There are number of things that acts similar to pointers
eval construct (my favorite and also dangerous)
$GLOBALS variable
Extra '$' sign Before Variables (Like prathk mentioned)
References
First one
At first I have to say that PHP is really powerful language, knowing there is a construct named "eval", so you can create your PHP code while running it! (really cool!)
although there is the danger of PHP_Injection which is far more destructive that SQL_Injection. Beware!
example:
Code:
$a='echo "Hello World.";';
eval ($a);
Output
Hello World.
So instead of using a pointer to act like another Variable, You Can Make A Variable From Scratch!
Second one
$GLOBAL variable is pretty useful, You can access all variables by using its keys.
example:
Code:
$three="Hello";$variable=" Amazing ";$names="World";
$arr = Array("three","variable","names");
foreach($arr as $VariableName)
echo $GLOBALS[$VariableName];
Output
Hello Amazing World
Note: Other superglobals can do the same trick in smaller scales.
Third one
You can add as much as '$'s you want before a variable, If you know what you're doing.
example:
Code:
$a="b";
$b="c";
$c="d";
$d="e";
$e="f";
echo $a."-";
echo $$a."-"; //Same as $b
echo $$$a."-"; //Same as $$b or $c
echo $$$$a."-"; //Same as $$$b or $$c or $d
echo $$$$$a; //Same as $$$$b or $$$c or $$d or $e
Output
b-c-d-e-f
Last one
Reference are so close to pointers, but you may want to check this link for more clarification.
example 1:
Code:
$a="Hello";
$b=&$a;
$b="yello";
echo $a;
Output
yello
example 2:
Code:
function junk(&$tion)
{$GLOBALS['a'] = &$tion;}
$a="-Hello World<br>";
$b="-To You As Well";
echo $a;
junk($b);
echo $a;
Output
-Hello World
-To You As Well
Hope It Helps.
That syntax is a way of accessing a class member. PHP does not have pointers, but it does have references.

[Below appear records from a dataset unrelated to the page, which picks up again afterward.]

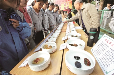 雨花石展吸引了很多人前來觀看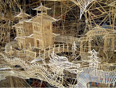 Pernah pakai tusuk gigi? Kalau buat kilik-kilik habis makan sudah biasa, tapi kalau digunakan untuk membuat model-model seperti perkotaan tentunya sungguh luar biasa. Dua seniman berikut ini membuktikannya.Kota Tusuk Gigi dari Stan Munro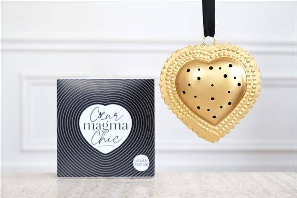 Creado para amantes de las fragancias originales, este Grand Coeur Noir Magma Chic, hecho a mano, incorpora piedras volcánicas de Auvernia que perfumarán tus espacios de manera auténtica. Ancho de 12 cm. Presentado en un estuche. Para recargar las piedras volcánicas de tu Magma Chic: Coloca las piedras en un cuenco. Añade unas gotas del perfume recargable Magma. Deja secar y vuelve a colocar las piedras en la esfera. Disponible en 4 aromas: Mysore Santal, Patchouli Borobudur, Tonka Bean y Oud Wood.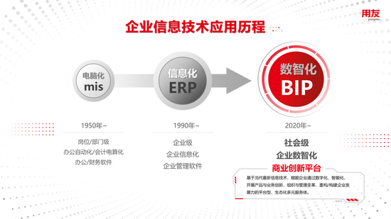 今天已经进入第三个阶段,就是刚才讲到的数智化阶段,上一代是一个系统,这一代光是系统解决不了今天企业的要求,它应该是一个平台,我们叫做商业创新平(BIP)。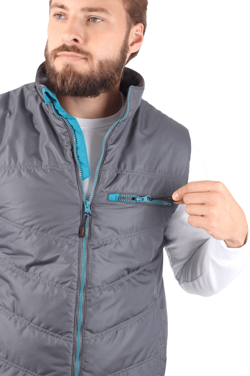 Жилет мужской ГАЛАКТИКА утепленный, серый/бирюза

The syntax that you're quoting is basically the same as accessing a member from a pointer to a class in C++ (whereas dot notation is used when it isn't a pointer.)

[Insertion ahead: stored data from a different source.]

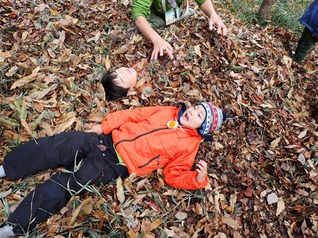 ↑のんびり過ごしていたチームは、落ち葉のお布団から出たくなくなり、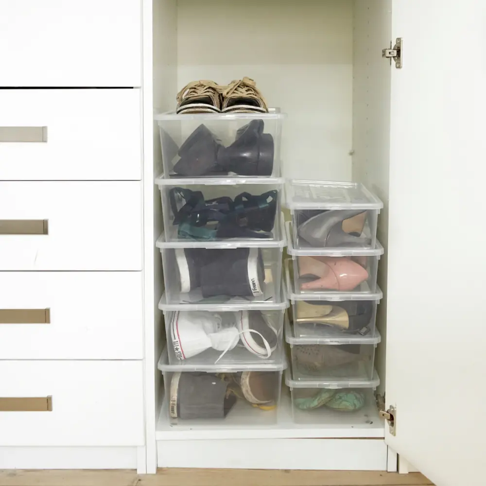 Plast Team Basic Container for Shoes storage box ✓ Transparent design shows all shoes ✓ Folds flat for off-season storage ► Transform Your Home Organization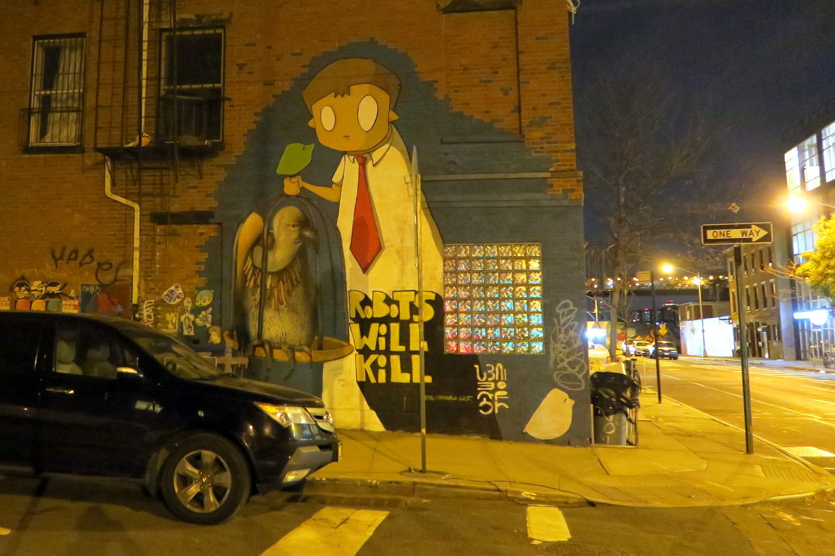 Ладно, нам надо поторапливаться, продолжаем шагать на юг, и заходим собственно в Вилиамсбург. Давным давно тут жили религиозные евреи и афро-американцы, но за последние 20 лет этот район стал эпицентром хипстерской культуры. Самые продвинутые хипстеры правда уже не могут себе позволить тут жить, и двигаются на восток, в Бушвик. Но в Вилиамсбурге до сих пор много прикольного стрит-арта.

To answer the second part of your question - there are no pointers in PHP.
When working with objects, you generally pass by reference rather than by value - so in some ways this operates like a pointer, but is generally completely transparent.
This does depend on the version of PHP you are using.

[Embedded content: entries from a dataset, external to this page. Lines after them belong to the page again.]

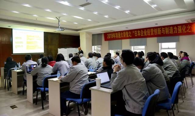 1月23日,2018年首期润通大讲堂在润通工业园办公楼317培训室火热开讲,本期特邀讲师——松下电器(中国)前总裁Kimoto Tetsu(中文:木元哲)先生以“日本企业经营创新与制造力强化之道”为主题,给大家带来了一堂理论学习与实践指导价值俱佳的课程。公司全体中高层管理人员50余人现场聆听了本次讲座。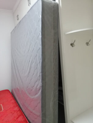 电梯装不下,还好只是5楼,和快递员两个人一起走楼梯抬上来,很重,大件货还是有两个快递员才好,床垫硬度适中,就差床单被子了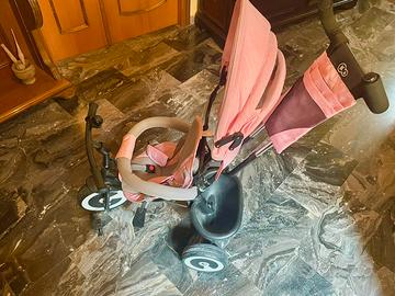 Prodotto valido sia per passeggino che per triciclo, in quanto si può togliere la parte superiore e posteriore. Comodissimo per uscire perché ha cinture di sicurezza, parasole, cesto portaoggetti, porta borraccia, porta telefono, freni, inoltre ì piedi della bimba si possono mettere sia nei pedali che nell'apposito appoggia piedi. L'adulto tiene il manubrio per girare

You can simulate pointers to instantiated objects to some degree:
class pointer {
var $child;
function pointer(&$child) {
$this->child = $child;
}
public function __call($name, $arguments) {
return call_user_func_array(
array($this->child, $name), $arguments);
}
}
Use like this:
$a = new ClassA();
$p = new pointer($a);
If you pass $p around, it will behave like a C++ pointer regarding method calls (you can't touch object variables directly, but that's evil anyways :) ).
entryId is an instance property of the current class ($this)
And $entryId is a local variable
Yes there is something similar to pointers in PHP but may not match with what exactly happens in c or c++.
Following is one of the example.
$a = "test";
$b = "a";
echo $a;
echo $b;
echo $$b;
//output
test
a
test
This illustrates similar concept of pointers in PHP.
PHP passes Arrays and Objects by reference (pointers). If you want to pass a normal variable Ex. $var = 'boo'; then use $boo = &$var;.
PHP can use something like pointers:
$y=array(&$x);
Now $y acts like a pointer to $x and $y[0] dereferences a pointer.
The value array(&$x) is just a value, so it can be passed to functions, stored in other arrays, copied to other variables, etc. You can even create a pointer to this pointer variable. (Serializing it will break the pointer, however.)